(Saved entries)
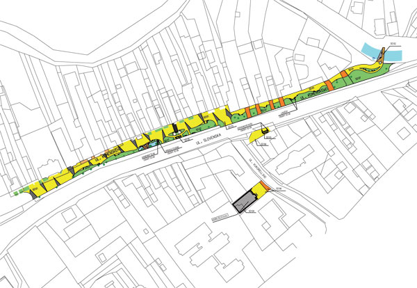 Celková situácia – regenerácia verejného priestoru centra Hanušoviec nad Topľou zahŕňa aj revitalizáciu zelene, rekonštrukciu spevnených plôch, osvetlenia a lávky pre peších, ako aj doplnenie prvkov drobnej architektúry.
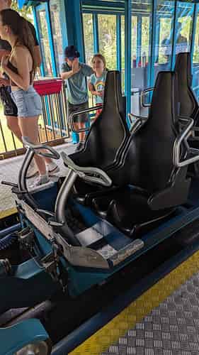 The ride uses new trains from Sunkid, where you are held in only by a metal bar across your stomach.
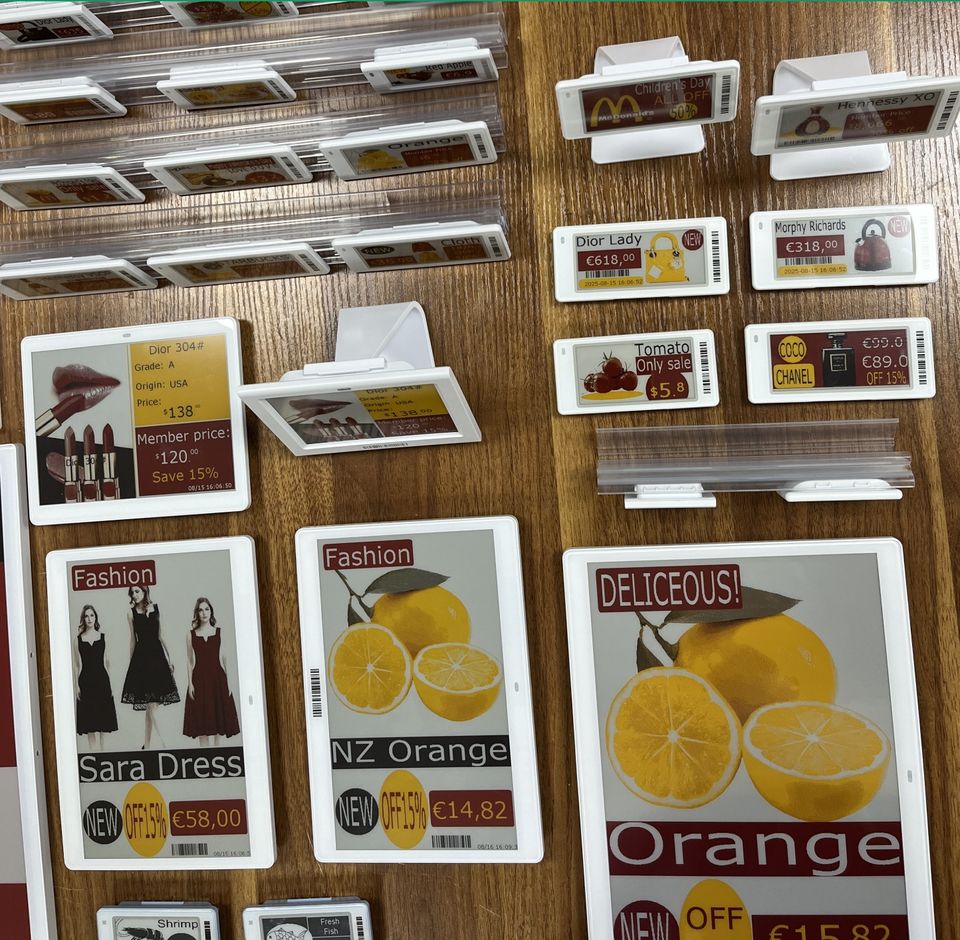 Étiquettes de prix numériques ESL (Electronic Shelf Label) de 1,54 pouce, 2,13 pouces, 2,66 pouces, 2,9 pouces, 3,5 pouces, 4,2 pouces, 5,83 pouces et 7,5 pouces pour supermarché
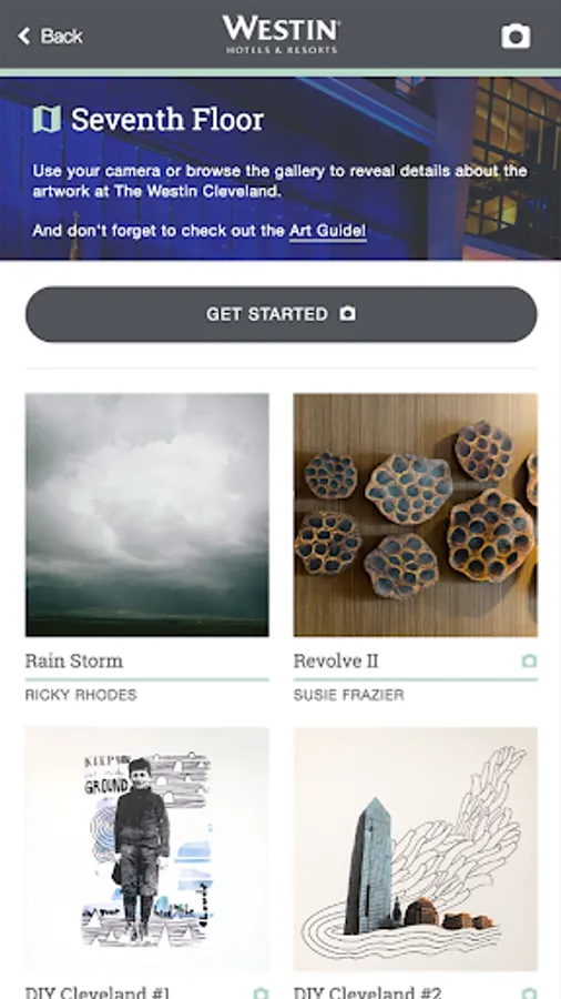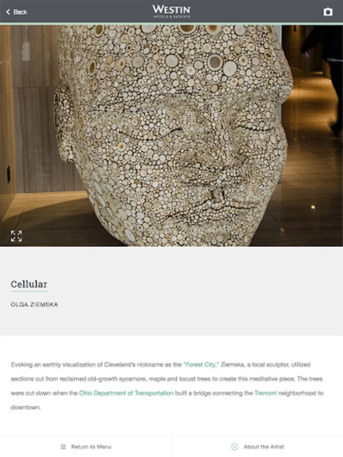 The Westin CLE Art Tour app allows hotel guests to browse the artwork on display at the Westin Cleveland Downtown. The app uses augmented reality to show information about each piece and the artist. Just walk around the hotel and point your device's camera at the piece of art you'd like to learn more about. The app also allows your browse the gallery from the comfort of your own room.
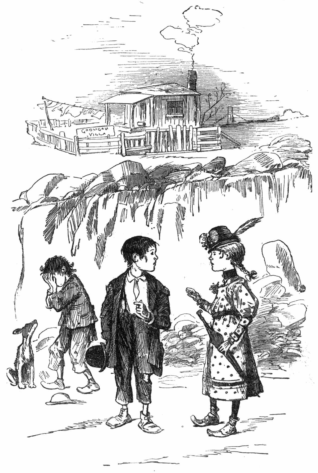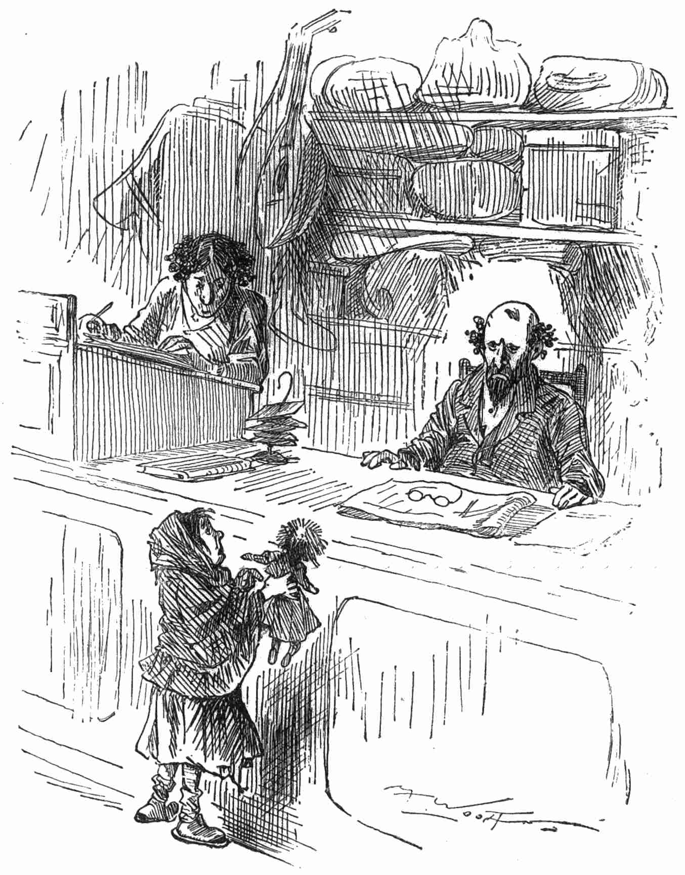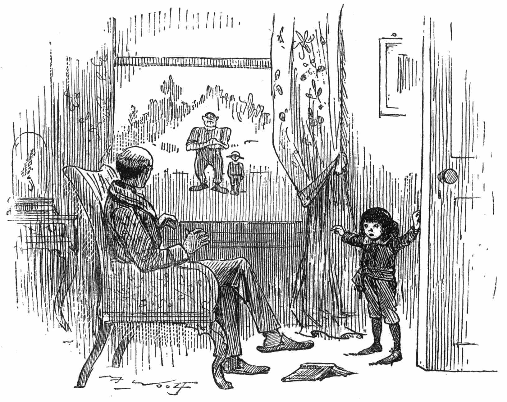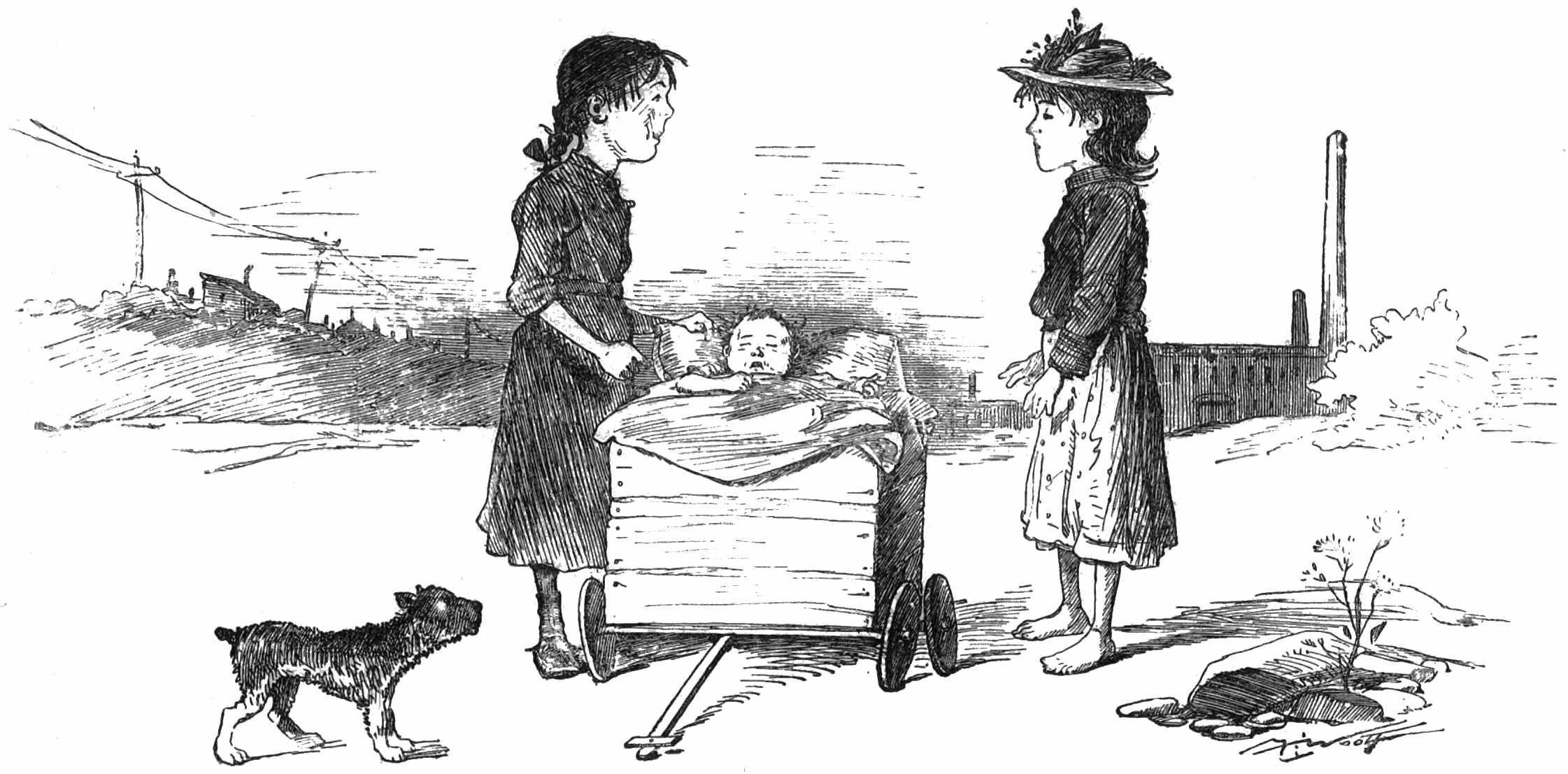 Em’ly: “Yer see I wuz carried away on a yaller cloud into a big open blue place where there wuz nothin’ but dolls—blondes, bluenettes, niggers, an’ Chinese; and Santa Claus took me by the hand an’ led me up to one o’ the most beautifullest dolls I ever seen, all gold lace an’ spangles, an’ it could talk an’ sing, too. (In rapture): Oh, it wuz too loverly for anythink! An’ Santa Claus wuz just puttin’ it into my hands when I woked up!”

Task goal: Repeat all the data as it stands, dropping any images it holds.

Response area:
 Celková situácia – regenerácia verejného priestoru centra Hanušoviec nad Topľou zahŕňa aj revitalizáciu zelene, rekonštrukciu spevnených plôch, osvetlenia a lávky pre peších, ako aj doplnenie prvkov drobnej architektúry.
 The ride uses new trains from Sunkid, where you are held in only by a metal bar across your stomach.
 Étiquettes de prix numériques ESL (Electronic Shelf Label) de 1,54 pouce, 2,13 pouces, 2,66 pouces, 2,9 pouces, 3,5 pouces, 4,2 pouces, 5,83 pouces et 7,5 pouces pour supermarché
 The Westin CLE Art Tour app allows hotel guests to browse the artwork on display at the Westin Cleveland Downtown. The app uses augmented reality to show information about each piece and the artist. Just walk around the hotel and point your device's camera at the piece of art you'd like to learn more about. The app also allows your browse the gallery from the comfort of your own room.
 Em’ly: “Yer see I wuz carried away on a yaller cloud into a big open blue place where there wuz nothin’ but dolls—blondes, bluenettes, niggers, an’ Chinese; and Santa Claus took me by the hand an’ led me up to one o’ the most beautifullest dolls I ever seen, all gold lace an’ spangles, an’ it could talk an’ sing, too. (In rapture): Oh, it wuz too loverly for anythink! An’ Santa Claus wuz just puttin’ it into my hands when I woked up!”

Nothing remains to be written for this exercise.